Learning Corner with Jeffrey Pfeffer: What If You Couldn’t Easily Fire People?

Updated: December 13, 2024

By: Jeffrey Pfeffer

5 MIN

The recent publication of Buckingham and Goodall’s Nine Lies About Work brought home some painful facts about people management for me. First, the state of people management remains poor. Gallup recently reported, for instance, that the U.S. quit rate is at an all-time high; 67% of employees are disengaged at work; and more than half say they are actively looking for a new job. Second, HR lacks a commitment to evidence-based people management (evaluating a decision or policy with evidence such as data and peer-reviewed scientific research to ensure the desired result is achieved).

As I thought about the HR practices that remain in use, notwithstanding the evidence against them—things like forced curve performance evaluations—it occurred to me that many of these practices stem from one root cause: the ability to fire employees at will. Because organizations can easily terminate people (and are very willing to do so), workplaces often use counterproductive management approaches that evaluate, rather than invest in and develop, employees.

The U.S. is the only country in the industrialized world that has at-will employment, where people can be fired for any (or no) reason at all. In the rest of the world, you can only be fired for cause. According to the Bureau of Labor Statistics, about 1.5% of the workforce is fired or laid off each month, which means that almost 20% of the workforce will involuntarily lose their jobs each year.

And there is evidence that being fired is not a signal of incompetence, but possibly an organizational mistake. One 10-year study of some 2,600 executives found that of those who were fired, 91% found a job as good or better than the one they lost, and 78% eventually rose to become CEO. The idea that the solution to poor performance is termination produces numerous unproductive approaches to managing people.

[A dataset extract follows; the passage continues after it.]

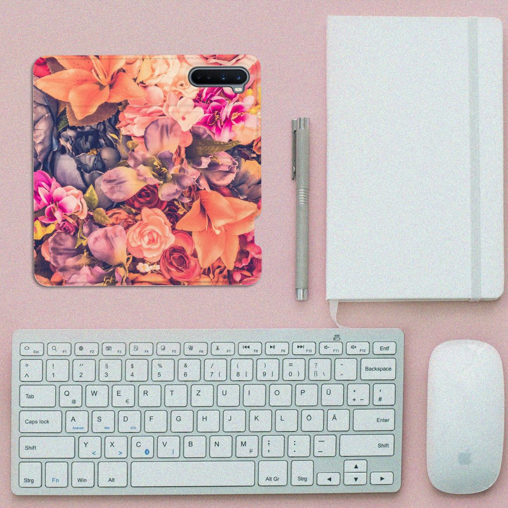 Dit Bosje Bloemen doet een mens en zijn smartphone goed. De oranje, paarse en roze bloemen op deze OnePlus Nord Smart Cover geven jouw smartphone een zeer sierlijke uitstraling. Je wordt er ook meteen vrolijker van als je aan het appen, mailen of aan het bellen bent. Valt dan je telefoon op de grond, dan zal er dankzij de stand case met oranje, paarse en roze bloemen geen schade ontstaan. Onze stand cases met oranje, paarse en roze bloemen bieden de allerbeste bescherming en zijn heel praktisch, wat blijkt uit onder meer het vakje aan de binnenkant en de handige standaard waarmee je de smartphone rechtop op tafel neer kunt zetten. De oranje, paarse en roze bloemen passen goed op alle zijden van de case. Op deze stand case van leer en TPU (houder aan de binnenkant) is het ook mogelijk je eigen ontwerp te zetten. In no time maak je zelf een stand case met daarop foto’s van jouw favoriete bloemen.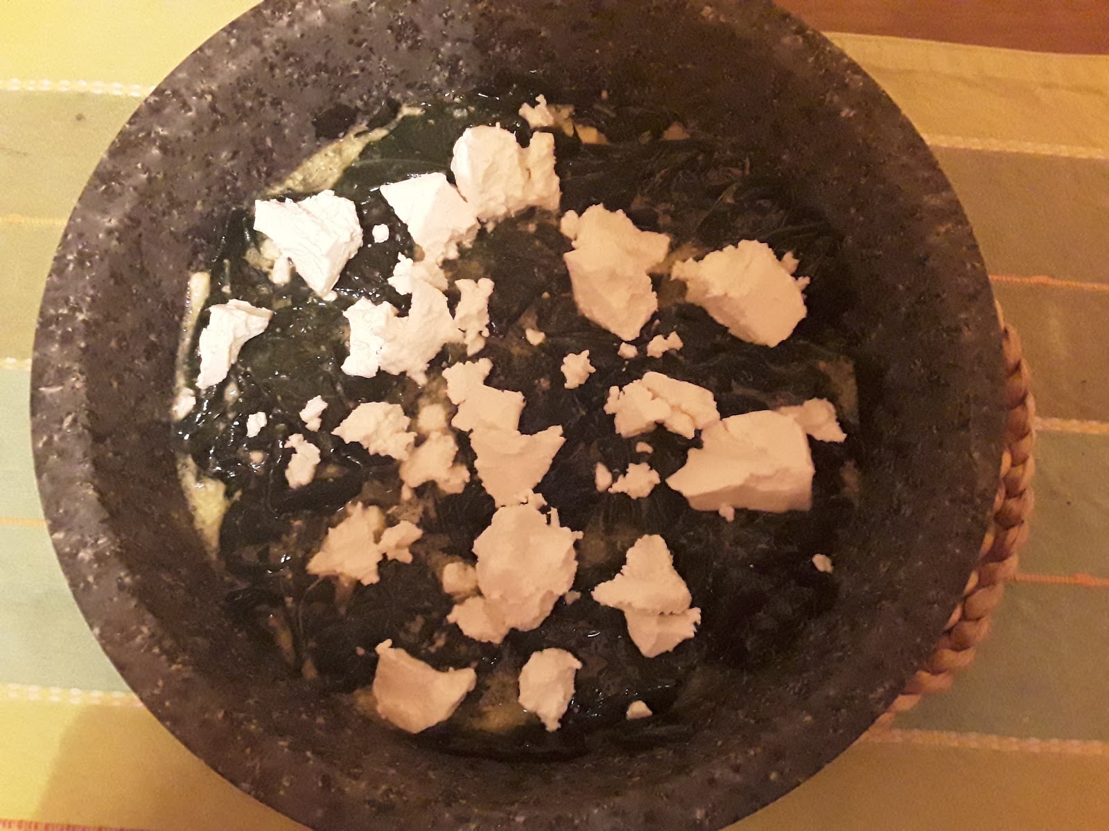 Pulire e lavare le foglie di cavolo e tagliare a strisce piccole e fare cuocere con un filo d'olio, il sale e il pepe.

Research by psychology professor Carol Dweck and her colleagues has consistently shown the benefits of adopting a growth mindset over an evaluating one. An evaluating mindset implies that, for instance, if a salesperson is not making their quota, that person can’t sell—is not a natural—and should be either fired or moved into a different job. A growth mindset, on the other hand, implies that if a salesperson is currently ineffective, that individual might benefit from training in sales techniques and coaching from sales leadership on what they are doing that could be improved.

As Dweck argues, implementing a growth mindset is easier said than done. There’s a great deal of effort required to develop talent through hard work, coaching and learning. If people are readily replaced, the temptation to fire them and find someone else can be overwhelming. In an ideal world, public policy would make it more difficult and costlier to remove people from their workplaces. But until that happens, if employers at least think of firing as a last resort, they’ll be more likely to work more diligently to develop everyone to their full potential.

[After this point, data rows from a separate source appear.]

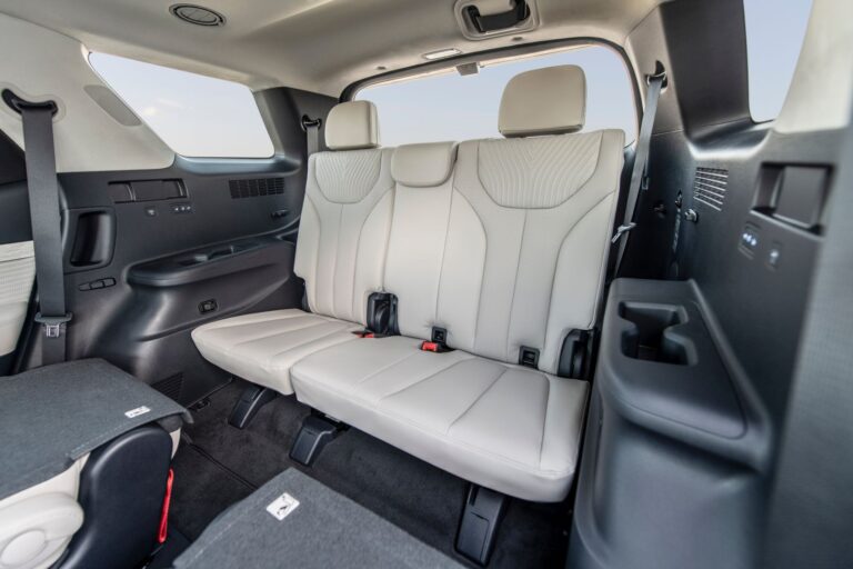 Wnętrze łączy poczucie relaksu i komfortu, tworząc spokojne otoczenie z ośmioosobowym miejscem standardowym na rodzinne przygody. Siedzisko w drugim rzędzie z funkcją One-Touch pozwala na łatwe przesunięcie go do przodu dla wygodnego dostępu do trzeciego rzędu. Dla większej wygody, trzeci rząd oferuje elektrycznie składane i rozkładane oraz rozkładane siedzenia. Dostępne są również fotele kapitańskie w drugim rzędzie. Dodano gniazda USB-C dla szybszego ładowania urządzeń w całym wnętrzu, co zapewnia dodatkową wygodę dla wszystkich pasażerów. Dodatkowo, lustro do rozmów pozwala kierowcy wyraźnie widzieć pasażerów w tyle.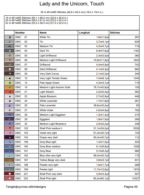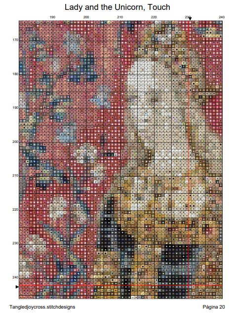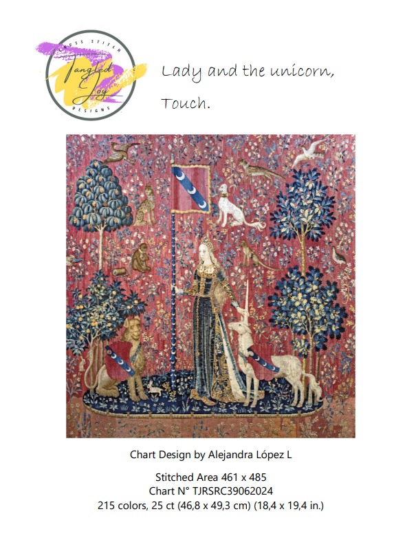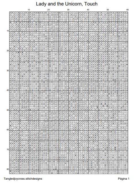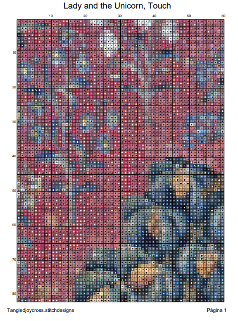Patrón digital de Punto de cruz: La dama y el Unicornio - Tacto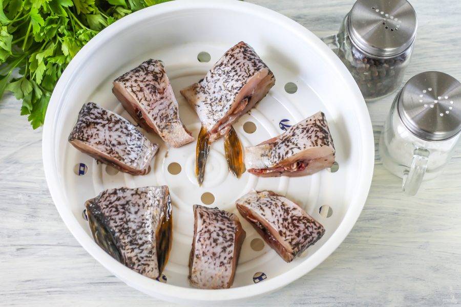 Вкусное и сочное блюдо из щуки можно приготовить за 25-30 минут, если использовать чашу для приготовления на пару. Кусочки рыбы получаются нежными на вкус, от пропаренной мякоти косточки легко отделяются, так что такое блюдо можно будет предложить даже детям.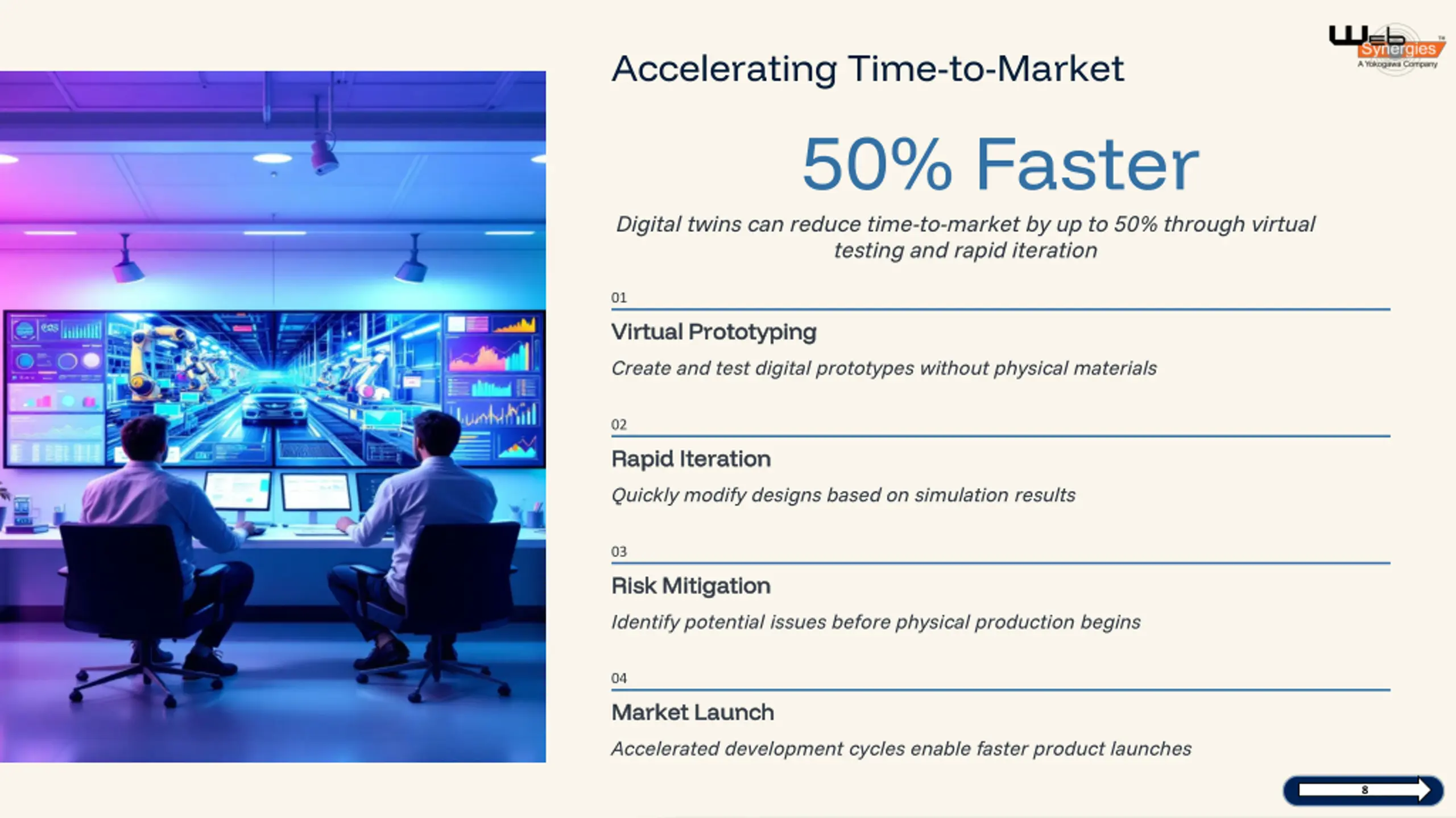 Accelerating Time-to-Market 50% Faster Digital twins can reduce time-to-market by up to 50% through virtual testing and rapid iteration 01 Virtual Prototyping Virtual Prototyping Create and test digital prototypes without physical materials 02 Rapid Iteration Rapid Iteration Quickly modify designs based on simulation results 03 Risk Mitigation Risk Mitigation Identify potential issues before physical production begins 04 Market Launch Market Launch Accelerated development cycles enable faster product launches preencoded.png 8

Performance reviews (which managers don’t like giving and few employees want to receive) may be, in my opinion, the most detrimental HR practice when it comes to developing a growth mindset.

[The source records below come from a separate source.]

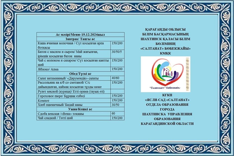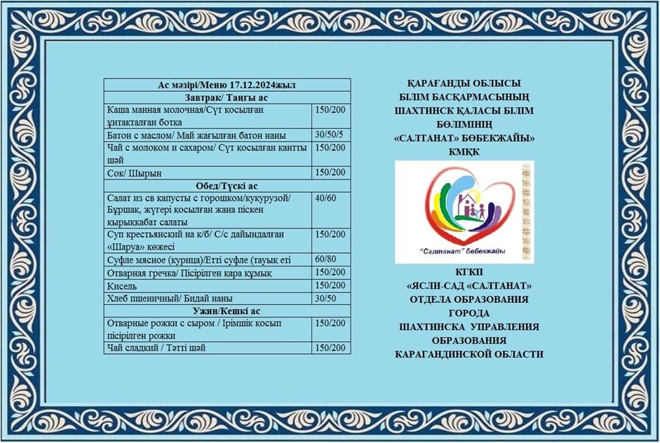 Салтанат бөбекжайы КМҚК 2024 жылдың 17 желтоқсанынан қарашасынан 2024 жылдың 30 желтоқсанына дейінгі болашақ екі апталық мәзірі №. 01-85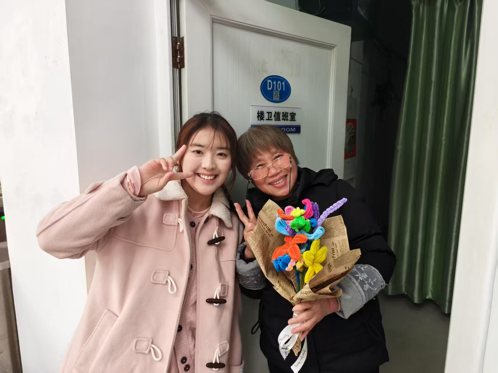 同学们以巧手匠心,将素朴材料幻化为馥郁繁花,用手工花向老师、宿管阿姨等女性教职工传递节日的温暖与祝福。3月7日,同学们将这份精心准备的礼物送给了在校的女性教职工。“老师,您辛苦了!”“阿姨,节日快乐!”一声声真挚的问候,一句句暖心的祝福,不仅为“三八”妇女节增添了节日氛围,也让女性教职工们感受到了来自同学们的关爱与尊重。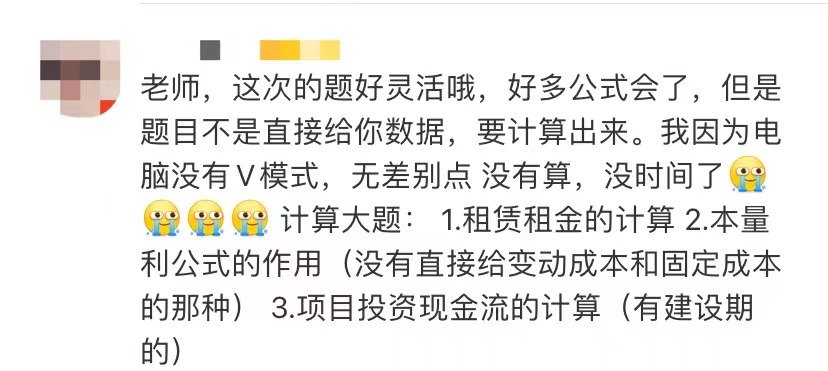 根據(jù)考生的反饋得知,《財(cái)務(wù)管理》考查了租賃租金的計(jì)算、本量公式的作用、項(xiàng)目投資現(xiàn)金流的計(jì)算等內(nèi)容!希望接下來(lái)參加考試的考生能夠重視起來(lái),認(rèn)真?zhèn)淇?,?zhēng)取學(xué)會(huì)、答對(duì)!

Evaluations presumably identify who needs to go on "performance improvement plans" and are used to rank people against each other. If firing people weren’t at the forefront of these reviews, HR managers might still want to provide developmental information, but it almost certainly would take a very different form. The conversation would focus on how the employee could improve and what the employer and employee could jointly do to develop that individual’s competencies, not the person’s "grade." And instead of being performed annually or every six months, developmental conversations would occur all the time.

Does firing even work? Consider this logic. Unless the company is downsizing, every person that’s fired needs to be replaced. Unless the company has somehow improved its selection process, or done something to become a more attractive place to work, the organization will just return to the same labor pool from which it drew the now-fired individual, with the same "deal," and draw again. What are the odds it will do better? That is why companies that fire people—and those that downsize—tend to do it again and again, because these actions do not solve anything.

Here's a useful analogy. Almost no parent has ever "fired" their child. When the child misbehaves or does not live up to their potential, great parents provide love, attention, guidance and high expectations, and work hard to ensure the best possible outcome for the kid. Wouldn’t it be nice if companies did the same? Instead of disposing of people, give them second, third, maybe even fourth chances. Invest in them. Provide them the social support necessary for physical and mental health, and the opportunity to do better.

We live in a world of untapped human potential. Fulfilling people’s promise requires a commitment to their development that the opportunity to simply get rid of them renders unlikely.